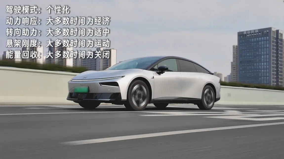 个性化,动力响应:大多数时间为经济,转向助力:大多数时间为适中,悬架刚度:大多数时间为运动,能量回收:大多数时间为关闭。
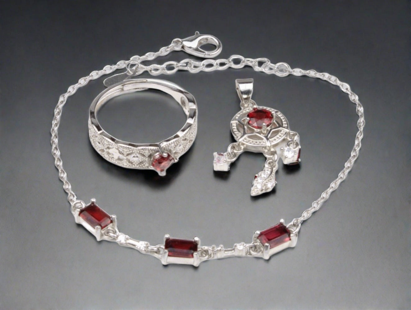 Add some sparkle to your outfit with our Garnet Set. Made with silver, this gorgeous set includes a ring, pendant, and bracelet, all featuring beautiful garnet crystal stones and sparkling zircon diamonds. Elevate your look with these elegant and eye-catching pieces.
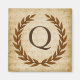 A delicate laurel wreath is layered over a vintage sheet music background in the classic Roman style. This design is personalized with the monogram "Q" in a rich sienna tone.
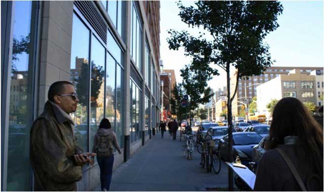 East Houston Street, New York City: People reported feeling happier along the messy by active street front on top than they did along the orderly but blank facade at bottom. Top photo: Charles Montgomery. Bottom: Alexandra Bolinder-Gibsand. .
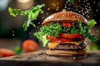 Koop de foto Sappige hamburger van Poster Art Shop als print op canvas, aluminium dibond, (ingelijste) fotoprint, behang en ArtFrame. Voor jou op maat geprint in Fine-Art kwaliteit.
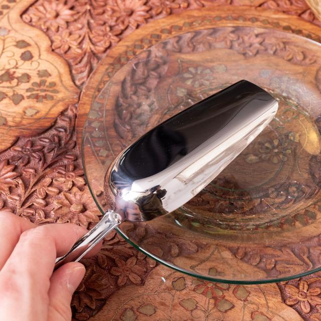 インドからやってきたサービングスプーンです。インド版しゃもじとして、主にご飯物を取り分けるときなどに使われています。インド定番のステンレス製で丈夫な作り。見た目はスタイリッシュでおしゃれなフォルムです。インド料理を食べるときの、ライスやビリヤニの取り分けに活躍しそうです。もちろんインド料理以外にも、パエリアなどさまざまなお料理の取り分けにご使用いただけます。
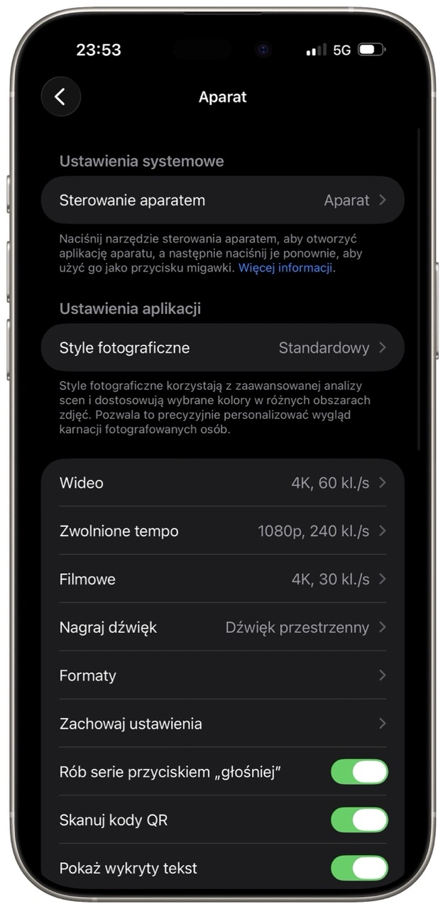 W sekcji Ustawienia | Aparat można znaleźć masę przydatnych opcji konfiguracji. Dobrym pomysłem jest zmiana rozdzielczości rejestrowanego wideo z na HD, aby nie zapchać pamięci urządzenia od razu po nakręceniu kilku filmów. W dowolnym momencie, gdy uznamy, że warto to zrobić, możemy przełączyć nagrywanie na 4K już bez wchodzenia w ustawienia z poziomu apki aparat. Oprócz tego można tutaj od razu zmienić domyślny Styl Fotograficzny na inny oraz włączyć siatkę w wizjerze aparatu, a nawet… zmienić ogniskową tego głównego obiektywu.
======
[Task]
Only the records, copied exactly and free of pictures, belong in the answer.

[Exercise answer]
 个性化,动力响应:大多数时间为经济,转向助力:大多数时间为适中,悬架刚度:大多数时间为运动,能量回收:大多数时间为关闭。
 Add some sparkle to your outfit with our Garnet Set. Made with silver, this gorgeous set includes a ring, pendant, and bracelet, all featuring beautiful garnet crystal stones and sparkling zircon diamonds. Elevate your look with these elegant and eye-catching pieces.
 A delicate laurel wreath is layered over a vintage sheet music background in the classic Roman style. This design is personalized with the monogram "Q" in a rich sienna tone.
 East Houston Street, New York City: People reported feeling happier along the messy by active street front on top than they did along the orderly but blank facade at bottom. Top photo: Charles Montgomery. Bottom: Alexandra Bolinder-Gibsand. .
 Koop de foto Sappige hamburger van Poster Art Shop als print op canvas, aluminium dibond, (ingelijste) fotoprint, behang en ArtFrame. Voor jou op maat geprint in Fine-Art kwaliteit.
 インドからやってきたサービングスプーンです。インド版しゃもじとして、主にご飯物を取り分けるときなどに使われています。インド定番のステンレス製で丈夫な作り。見た目はスタイリッシュでおしゃれなフォルムです。インド料理を食べるときの、ライスやビリヤニの取り分けに活躍しそうです。もちろんインド料理以外にも、パエリアなどさまざまなお料理の取り分けにご使用いただけます。
 W sekcji Ustawienia | Aparat można znaleźć masę przydatnych opcji konfiguracji. Dobrym pomysłem jest zmiana rozdzielczości rejestrowanego wideo z na HD, aby nie zapchać pamięci urządzenia od razu po nakręceniu kilku filmów. W dowolnym momencie, gdy uznamy, że warto to zrobić, możemy przełączyć nagrywanie na 4K już bez wchodzenia w ustawienia z poziomu apki aparat. Oprócz tego można tutaj od razu zmienić domyślny Styl Fotograficzny na inny oraz włączyć siatkę w wizjerze aparatu, a nawet… zmienić ogniskową tego głównego obiektywu.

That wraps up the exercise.